What to do: Every record below should be transcribed exactly. Omit the images.

[[ Information given, beginning ]]

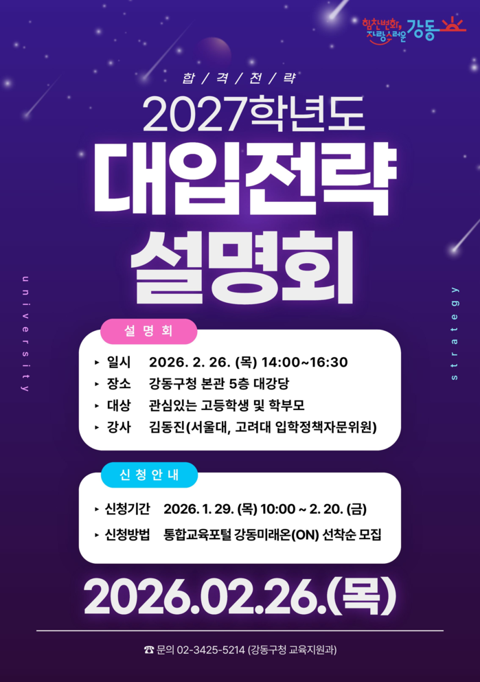 [시민일보 = 이대우 기자] 서울 강동구(구청장 이수희)가 오는 2월26일 올해 첫 대입전략설명회를 구청 5층 대강당에서 개최한다.
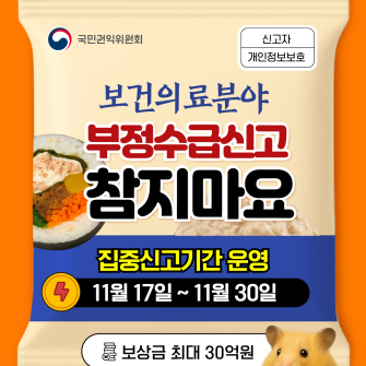 보건의료분야 정부지원금 부정수급 집중신고기간 운영
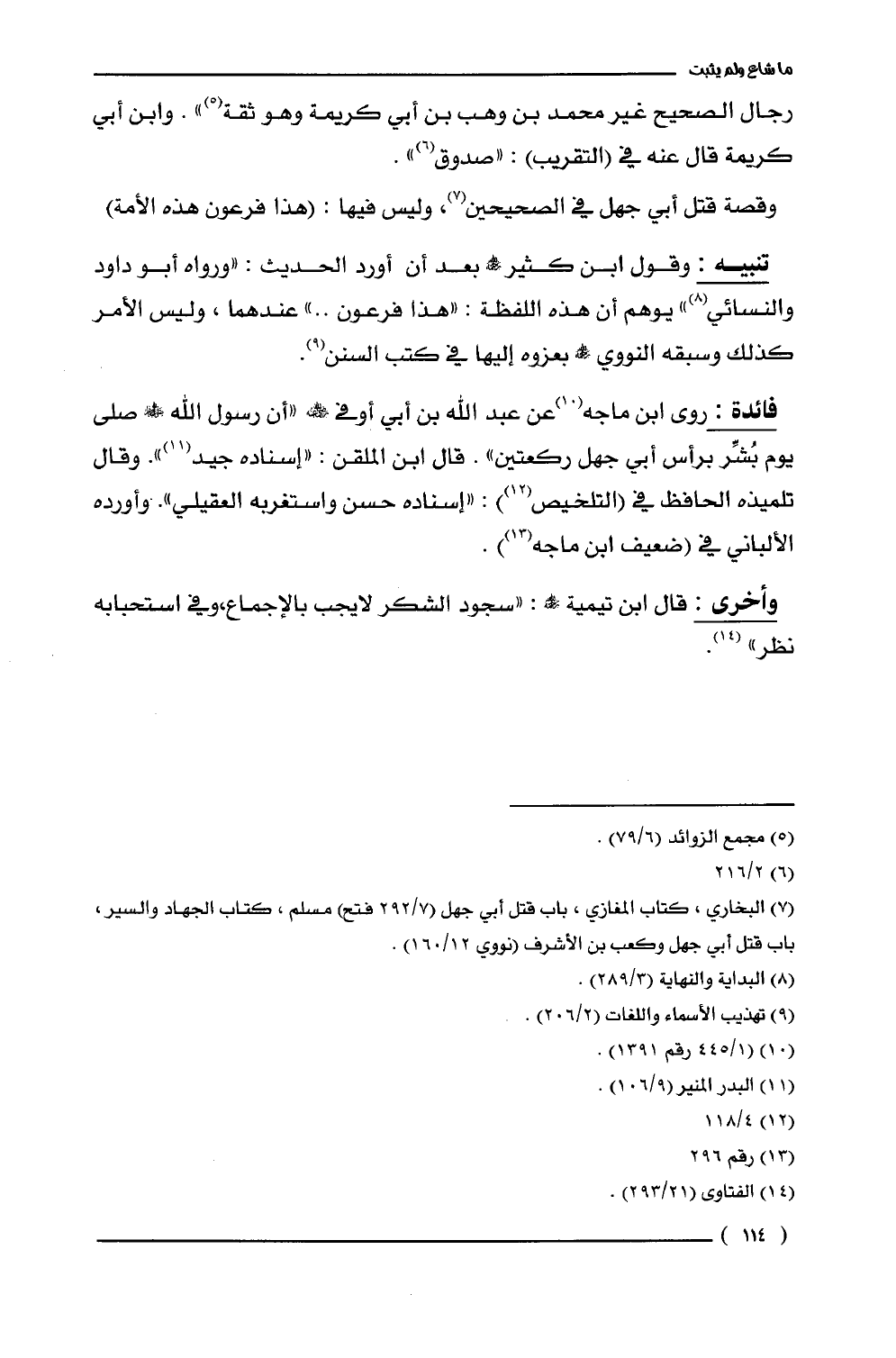 فائدة: روى ابن ماجه (¬10) عن عبد الله بن أبي أوفى - رضي الله عنه - أن رسول الله - صلى الله عليه وسلم - صلى يوم بُشِّر برأس أبي جهل ركعتين". قال ابن الملقن: "إسناده جيد (¬11) ". وقال تلميذه الحافظ في (التلخيص (¬12)): "إسناده حسن واستغربه العقيلي". وأورده الألباني في (ضعيف ابن ماجه (¬13)).
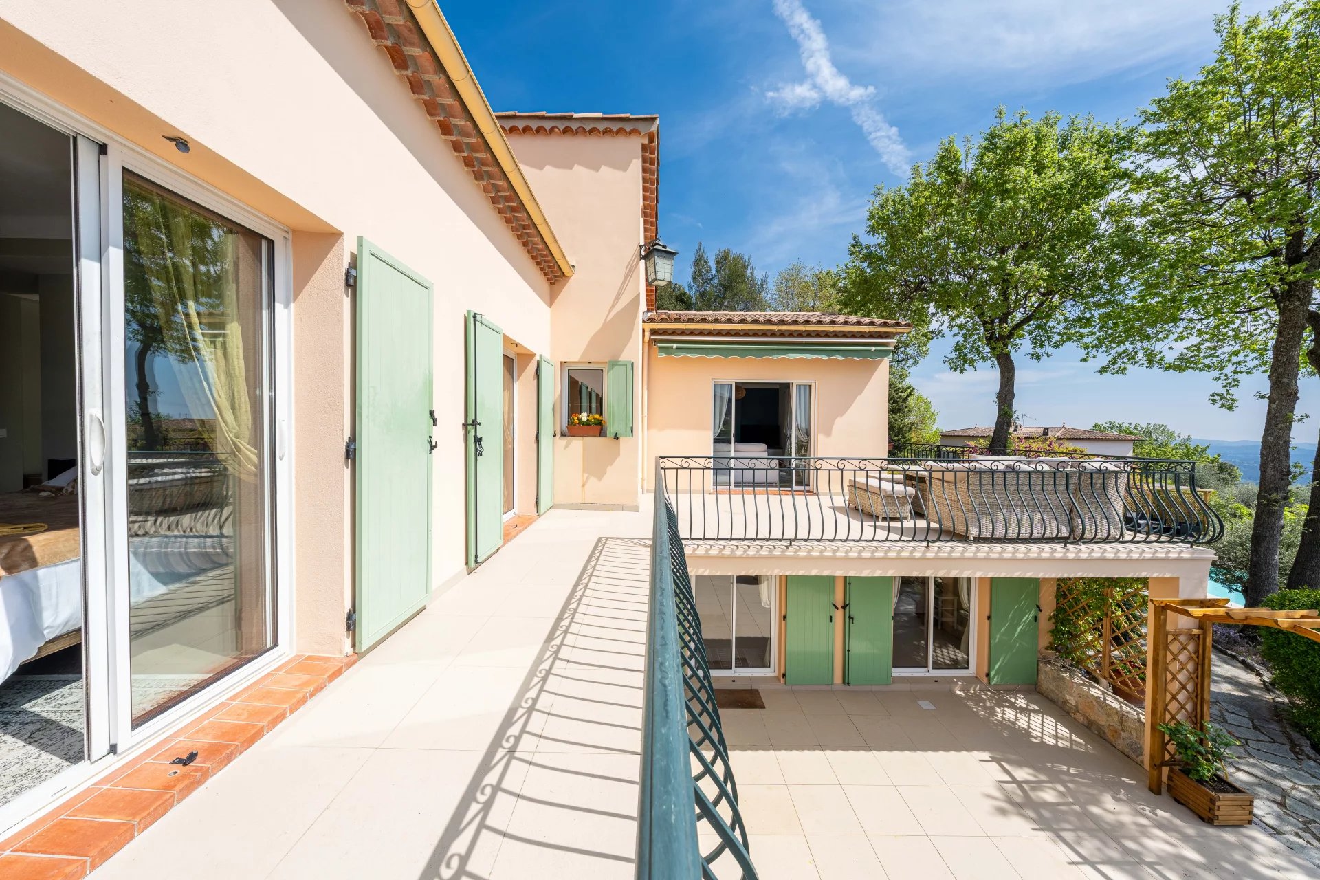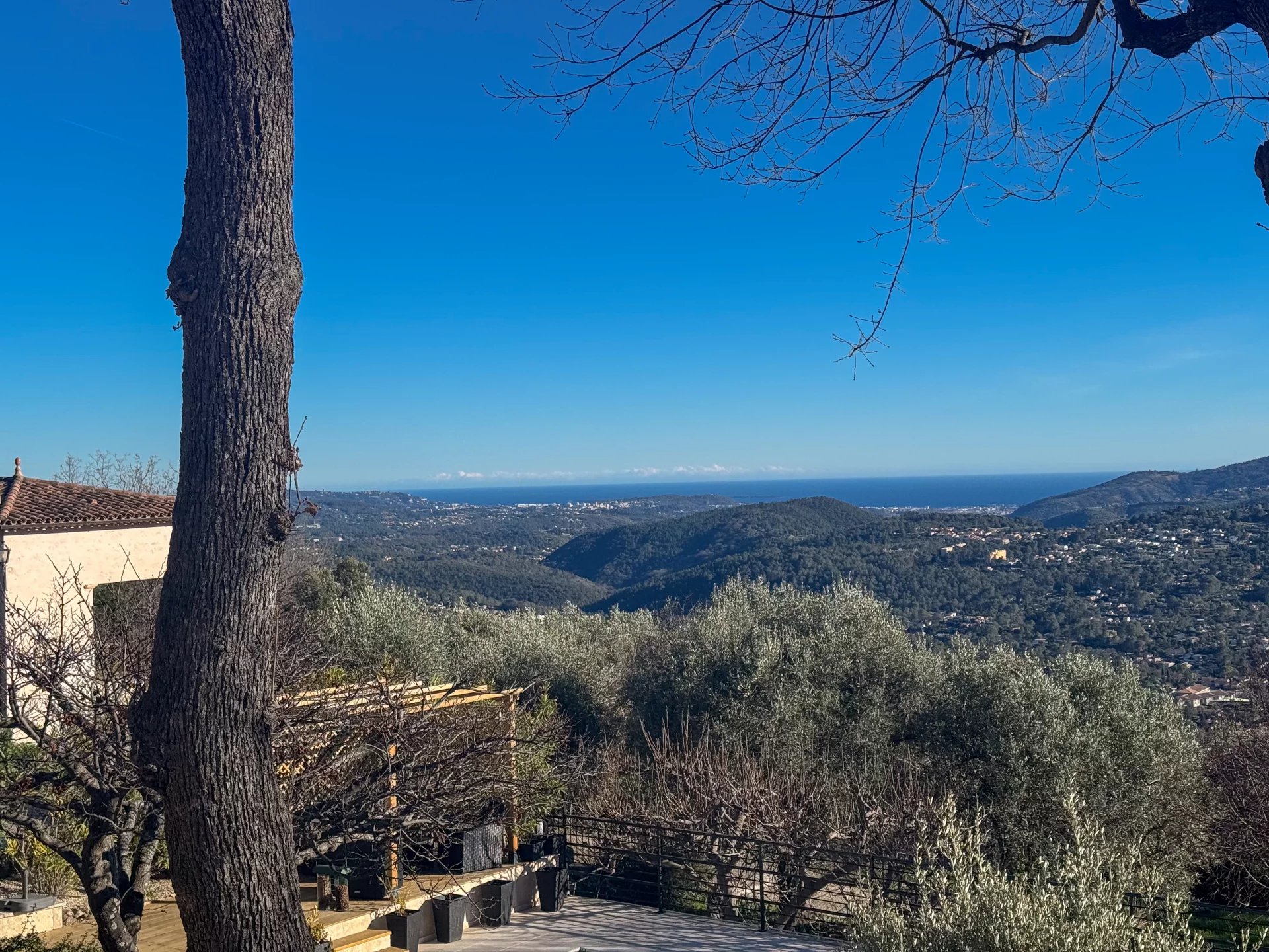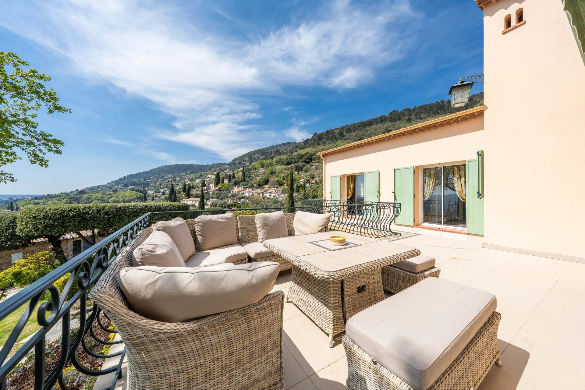 Beautiful villa of approximately 230m2, in excellent condition and requiring no work, offering stunning views over the sea, the lake, the village and the surrounding hills, ideally located on the edge of the village centre in a quiet and privileged setting.
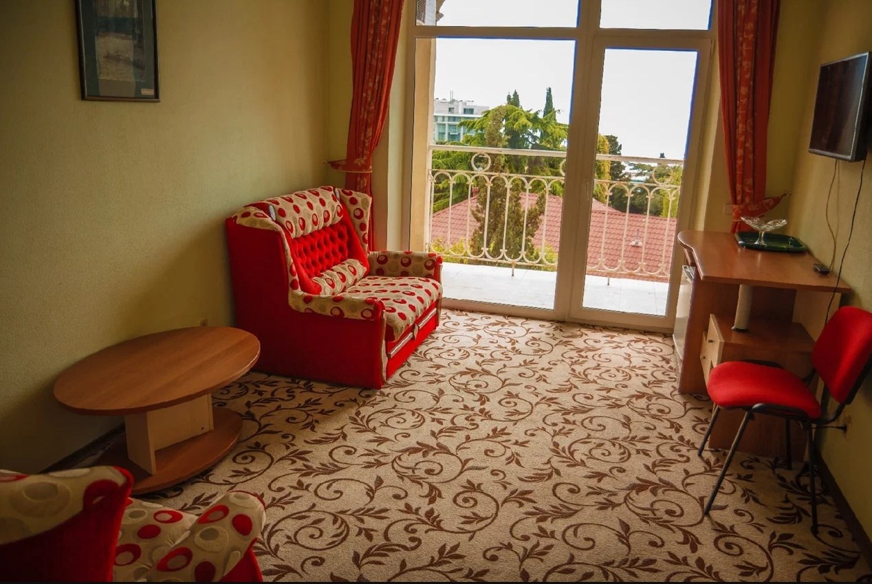 Просторный двухместный Люкс с максимальной вместимостью четырех человек, с джакузи, кондиционером, холодильником, видом на море. Питание на шведской линии можно заказать отдельно. Посещение крытого бассейна и банного комплекса по цене со скидкой 25% в соседнем отеле, и вся курортная инфраструктура в пешей доступности.
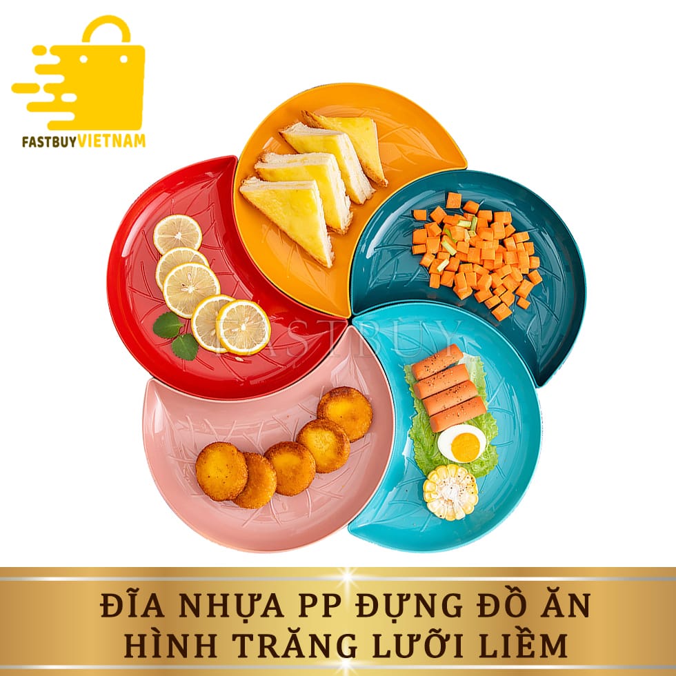 Nhà cửa & Đời sống > Bộ đồ bàn ăn > Tô || Bộ 5 đĩa nhựa bán nguyệt nhiều màu để đồ ăn, trái câyCòn hàng
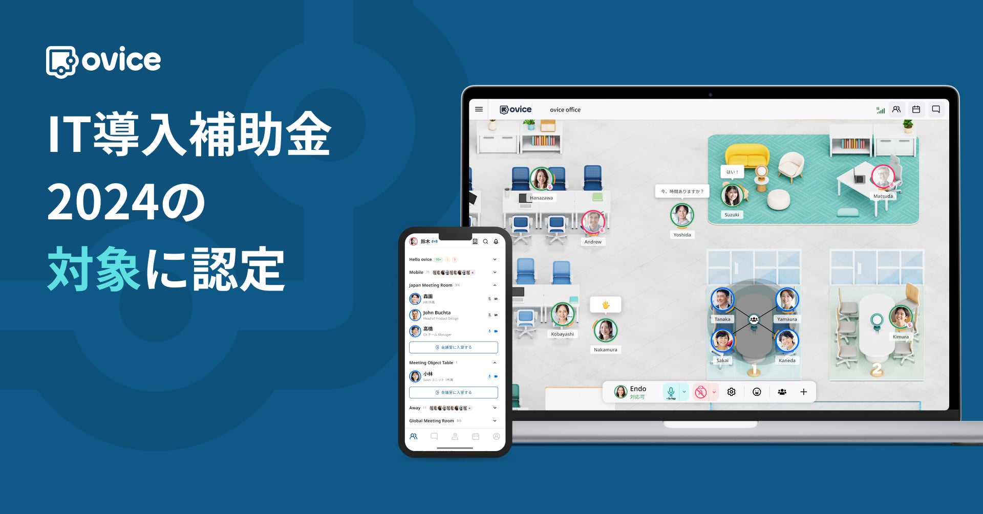 oVice株式会社(本社:石川県七尾市、代表取締役CEO:ジョン・セーヒョン)は、当社が開発・提供する、誰もが、どこからでも“つながる”バーチャルオフィス「ovice(オヴィス)」が、経済産業省が推進する「IT導入補助金2024」の対象として認定されたことをお知らせします。
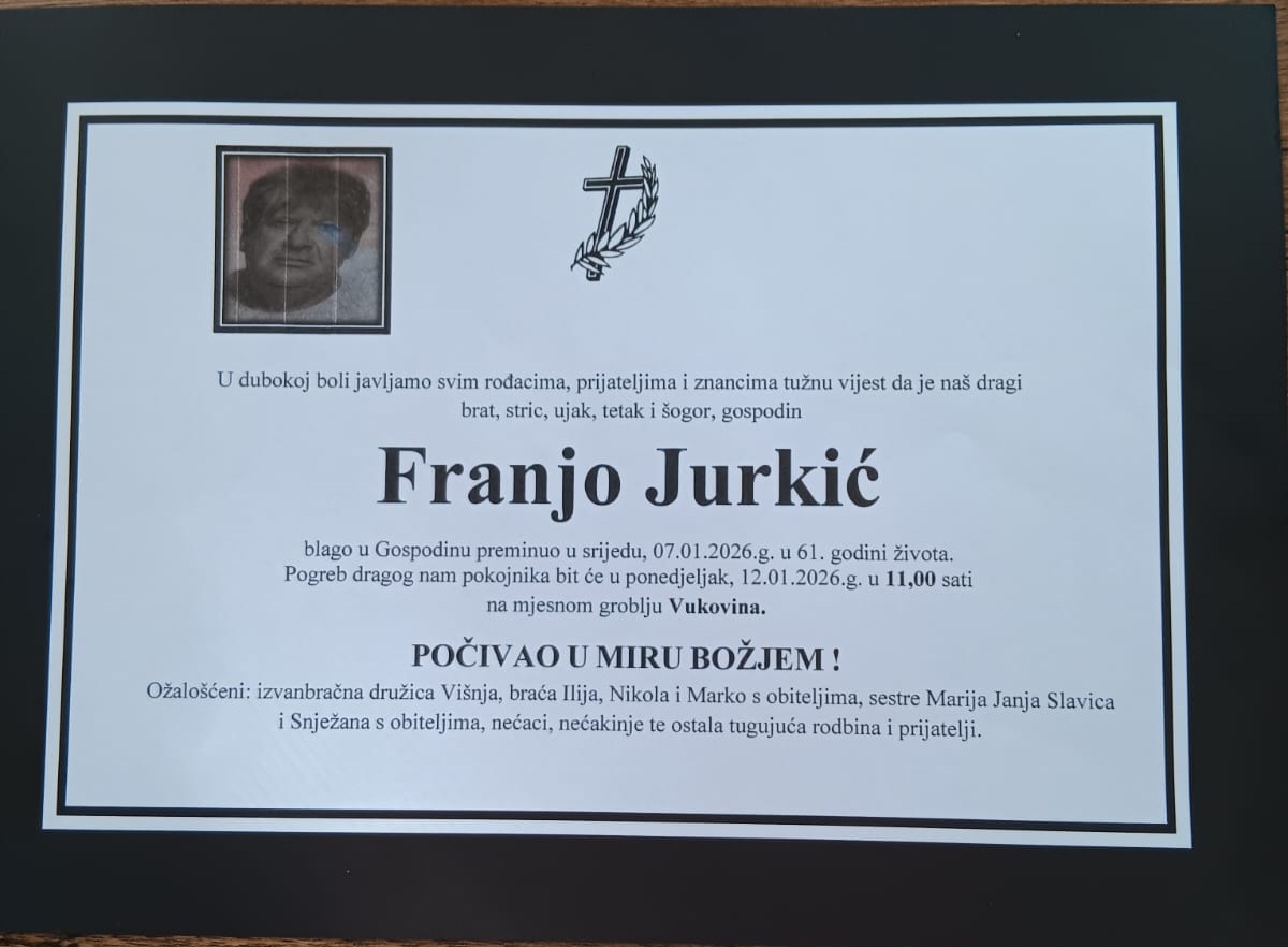 Blago u Gospodinu preminuo dana 07.01.2026.godine u 61.godini života. Sprovodni obredi i sv.Misa bit će 12.01.2026.god u 11:00 sati na mjesnom groblju u Vukovina.

[[ Information given, end ]]

Solution to the problem:
 [시민일보 = 이대우 기자] 서울 강동구(구청장 이수희)가 오는 2월26일 올해 첫 대입전략설명회를 구청 5층 대강당에서 개최한다.
 보건의료분야 정부지원금 부정수급 집중신고기간 운영
 فائدة: روى ابن ماجه (¬10) عن عبد الله بن أبي أوفى - رضي الله عنه - أن رسول الله - صلى الله عليه وسلم - صلى يوم بُشِّر برأس أبي جهل ركعتين". قال ابن الملقن: "إسناده جيد (¬11) ". وقال تلميذه الحافظ في (التلخيص (¬12)): "إسناده حسن واستغربه العقيلي". وأورده الألباني في (ضعيف ابن ماجه (¬13)).
 Beautiful villa of approximately 230m2, in excellent condition and requiring no work, offering stunning views over the sea, the lake, the village and the surrounding hills, ideally located on the edge of the village centre in a quiet and privileged setting.
 Просторный двухместный Люкс с максимальной вместимостью четырех человек, с джакузи, кондиционером, холодильником, видом на море. Питание на шведской линии можно заказать отдельно. Посещение крытого бассейна и банного комплекса по цене со скидкой 25% в соседнем отеле, и вся курортная инфраструктура в пешей доступности.
 Nhà cửa & Đời sống > Bộ đồ bàn ăn > Tô || Bộ 5 đĩa nhựa bán nguyệt nhiều màu để đồ ăn, trái câyCòn hàng
 oVice株式会社(本社:石川県七尾市、代表取締役CEO:ジョン・セーヒョン)は、当社が開発・提供する、誰もが、どこからでも“つながる”バーチャルオフィス「ovice(オヴィス)」が、経済産業省が推進する「IT導入補助金2024」の対象として認定されたことをお知らせします。
 Blago u Gospodinu preminuo dana 07.01.2026.godine u 61.godini života. Sprovodni obredi i sv.Misa bit će 12.01.2026.god u 11:00 sati na mjesnom groblju u Vukovina.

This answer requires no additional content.